John Millman: From grassroots to Grand Slams
John Millman’s tennis journey began playing in his Brisbane backyard – now he’s Australia’s No.2-ranked man and competing on the world stage.
A Hills Hoist, a coat hanger, newspaper and his mum’s old stockings was how John Millman first experienced tennis.
“Mum would hang up stockings on the clothes line and in the stockings would be scrunched up balls of newspaper. She’d also cover a clothes hanger in a stocking, so you’d have a little stocking racquet to hit the hanging stockings with,” Millman recalled in a Tennis Australia Facebook Live interview in 2020.
Millman, who grew up in Brisbane, began proper tennis lessons at age four. His three older sisters played and he was determined to follow in their footsteps.
“I was watching my sisters go out and hit balls at 6am every Saturday morning at Laff’s Tennis Centre,” Millman said.
“Eventually I got the call up to get the first 15 minutes at 5.45am. The coach would get there at the crack of dawn and you wouldn’t be able to see a thing in winter. I’d get the first 15 minutes, then they had to drag me off the court.”
His first coach was Ken Laver, a relative of Australian legend Rod Laver.
Ken Laffey, who operated Laff’s Mt Gravatt Tennis Centre, recalls it did not take long for Millman to join the centre’s thriving junior competition.
“John holds the honour of being the youngest child to ever play in our junior fixtures. He was four-and-a-half when he started playing full court junior fixtures, which was before the days of the ANZ Tennis Hot Shots program,” Laffey said.
“John was very competitive. He just hated being beaten. But because he was so young, everyone he played was older and stronger than him.”
Determined to improve, Millman spent hours as a junior hitting with an old ball machine that was a gift from Laffey.
He would rush home after school each day, push the heavy machine down a hill to the family’s backyard tennis court and set up six extension cords to operate it.
“I’d just hit balls for hours with no one on the court with me,” Millman recalled.
“You can see how that’s influenced my game style today. I probably should have spent a bit more time at the net.”
As he honed his on-court skills, the ultra-competitive Millman also learned valuable life lessons in his formative years.
Admitting he was a ‘big crier’ as a junior, Millman recalls Laffey putting a stop to such behaviour.
“I remember Ken ringing up on the landline when I was eight years old and saying ‘if you cry in this tournament, you’re going to have to have a break from tennis for a bit’,” Millman said.
“The only thing worse than losing, was not being able to play tennis.”
Millman credits his parents, who had asked Laffey to call, for teaching him the importance of sportsmanship.
“My Mum and Dad instilled in me from a very young age that competition is important and you’ve got to love to compete, but first and foremost you’ve got to be a good person, respect the game, respect your opponent and conduct yourself in a good manner,” he said.

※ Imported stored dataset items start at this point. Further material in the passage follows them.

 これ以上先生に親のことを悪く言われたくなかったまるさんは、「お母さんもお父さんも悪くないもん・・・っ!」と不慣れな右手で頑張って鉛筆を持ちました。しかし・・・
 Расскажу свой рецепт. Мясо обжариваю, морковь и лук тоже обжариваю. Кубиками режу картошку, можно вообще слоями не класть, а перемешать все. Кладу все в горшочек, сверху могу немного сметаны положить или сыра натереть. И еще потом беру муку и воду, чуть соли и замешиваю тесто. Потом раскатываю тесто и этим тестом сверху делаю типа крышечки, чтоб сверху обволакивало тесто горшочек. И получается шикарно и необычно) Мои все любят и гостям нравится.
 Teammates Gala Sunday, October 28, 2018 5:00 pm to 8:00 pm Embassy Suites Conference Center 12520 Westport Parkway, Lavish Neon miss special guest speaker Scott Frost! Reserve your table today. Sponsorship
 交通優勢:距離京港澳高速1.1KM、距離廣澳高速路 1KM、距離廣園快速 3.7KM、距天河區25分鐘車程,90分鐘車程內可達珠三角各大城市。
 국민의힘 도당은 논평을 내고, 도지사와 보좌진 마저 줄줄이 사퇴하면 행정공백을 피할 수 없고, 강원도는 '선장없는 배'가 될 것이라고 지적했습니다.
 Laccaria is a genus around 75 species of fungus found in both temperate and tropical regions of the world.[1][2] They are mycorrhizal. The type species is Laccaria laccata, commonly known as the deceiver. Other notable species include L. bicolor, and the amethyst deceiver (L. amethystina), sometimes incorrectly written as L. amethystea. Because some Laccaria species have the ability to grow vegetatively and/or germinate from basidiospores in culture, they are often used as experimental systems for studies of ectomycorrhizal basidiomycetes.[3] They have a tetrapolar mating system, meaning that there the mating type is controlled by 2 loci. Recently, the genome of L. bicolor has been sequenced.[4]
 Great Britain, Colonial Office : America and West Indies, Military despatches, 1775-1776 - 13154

“It’s tough for an eight year old to have those qualities, they have to learn them. My parents were incredible role models and they taught me that.”

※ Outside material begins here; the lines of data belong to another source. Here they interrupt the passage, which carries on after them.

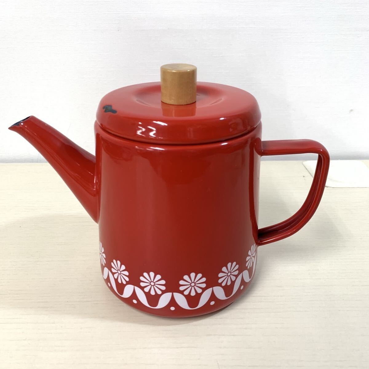 ホーロー コーヒーポット 昭和レトロ 赤 レッド ポット 琺瑯 やかん ケトル(10147H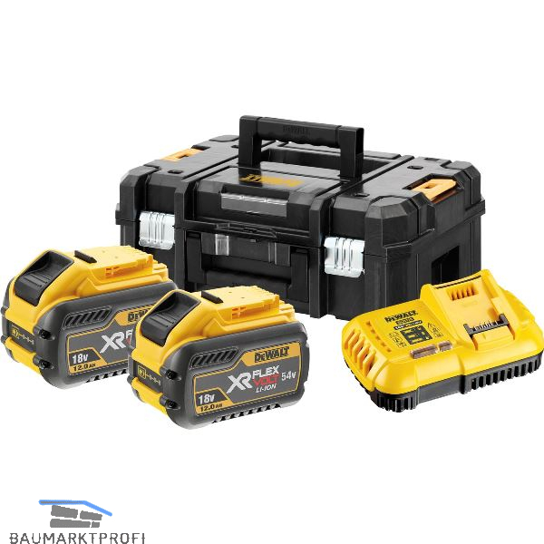 Lieferung inkl. 2 x DCB 548 18/54 Volt / 12,0 Ah Li-Ion Flexvolt Schiebe-Akkus und DCB118 System-Schnellladegerät, Akku-Trage DCK998, T-STAK-Box II.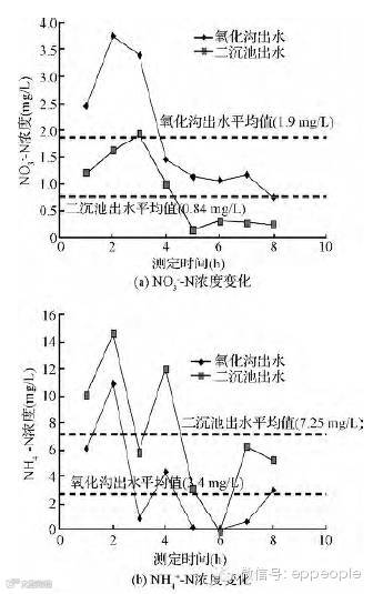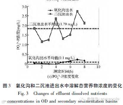 根据氧化沟沿程DO 测定可知,现有氧化沟出口处已降低到0. 5 mg /L 以下,不利于在氧化沟好氧聚磷和氨氮的硝化,该结果不符合氧化沟好氧末端出水的设计思想( 一般氧化沟是好氧末端出水( GB18918-2002) ) ,并且在实际水质监测中发现,因缺氧导致二沉池中氮磷释放量明显,故可在氧化沟出水口前段的廊道内增设曝气盘( 图5( b) ) ,增加好氧区的容积,保证氧的持续供给,且可使氧化沟出水中DO 浓度在0. 5 mg /L 以上,通过对改造后的氧化沟系统进行抽样检测,在系统稳定运行下,氧化沟出水NO -3 -N、NH +4 -N 和PO3 -4 -P 浓度平均值依次为7. 2、1. 6 和0. 7 mg /L,而其相应的二沉池出水的NO -3 -N、NH +4 -N 和PO3 -4 -P 浓度平均值依次为6. 3、1. 5和0. 5 mg /L,明显抑制氮磷在二沉池中的释放,二沉池出水水质有所改善。建议活性污泥脱氮除磷工艺生物反应阶段,其出水口应在好氧段,以确保二沉池脱氮除磷效果。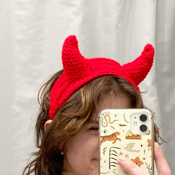 A crochet headband with little white fangs stitched into a red “mouth” band makes for a quirky Halloween accessory. Pair it with a cape or wear it solo for a low-key costume vibe.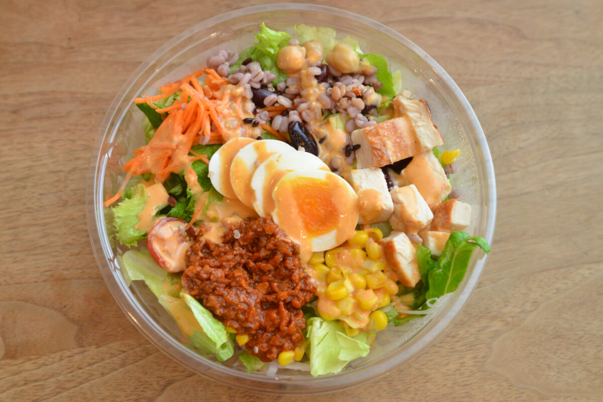 ケールとベーコンのほかにはレタス、ブロッコリー、大根、砕いたゆで卵などが入っています。大根は一見違和感を覚えましたが、食べれば納得。シャキッとしたみずみずしさのアクセントになっていて、濃厚なシーザードレッシングとも好相性です。ベーコンは小さいながらもジューシーで存在感が大きく、ケールは「スパイシー・ケール・バイマイ」ほどインパクトはないものの、あまり食べ慣れていない層向けにはちょうどいい量だと思いました。

Barbara Laffey, wife of Ken and a former player who competed in Grand Slam tournaments herself, recalls Millman was independent and considerate from a young age.
“John went to a lot of junior tournaments by himself because being from a big family, his parents couldn’t always go to every tournament with him,” she said.

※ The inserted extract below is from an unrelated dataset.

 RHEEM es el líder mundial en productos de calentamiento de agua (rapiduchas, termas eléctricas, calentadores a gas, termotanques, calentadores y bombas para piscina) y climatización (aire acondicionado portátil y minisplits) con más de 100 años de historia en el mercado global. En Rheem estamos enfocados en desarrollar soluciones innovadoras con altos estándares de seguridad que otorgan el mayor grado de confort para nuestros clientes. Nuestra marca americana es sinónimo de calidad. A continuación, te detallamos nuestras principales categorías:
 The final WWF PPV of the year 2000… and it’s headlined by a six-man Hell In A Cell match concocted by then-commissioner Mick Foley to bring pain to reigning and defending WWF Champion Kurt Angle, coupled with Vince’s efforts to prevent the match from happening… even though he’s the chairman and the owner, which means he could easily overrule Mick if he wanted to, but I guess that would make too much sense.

“I think that has stood him in good stead for the tennis circuit. As a professional player you are on your own a lot of the time, which John experienced at a very young age. He has always been dedicated and wanted to do well.”
Millman, who was named one of four finalists in the peer-voted ATP Tour’s Stefan Edberg Sportsmanship Award in 2020, has gone on to reach stunning heights.
He contested his first Australian Open as a 19-year-old in 2009, making the second round in qualifying as a No.561-ranked wildcard.
Millman had to wait four years to make his Grand Slam main draw debut, doing so as a No.184-ranked wildcard at Australian Open 2013.
He has now contested 22 major tournaments, including six Australian Opens, and represented Australia at Davis Cup, Olympic and ATP Cup competitions.
Millman has displayed remarkable resilience in his career too, overcoming several serious injury setbacks. Such perseverance has been rewarded, with Millman winning his first ATP title in November 2020.
His best Grand Slam result to date is a US Open quarterfinal run in 2018, where he sensationally defeated world No.2 Roger Federer in the fourth round. It was Millman’s career-first top-10 win.
Now entrenched inside the world’s top 50, Millman remains grounded.
As he chases Grand Slam glory, repaying his family, friends, coaches and fans who have supported him throughout his career remains one of the 31-year-old’s major motivations.
“Whenever I step on the court, I just want to really give them something to cheer about,” says the world No.38.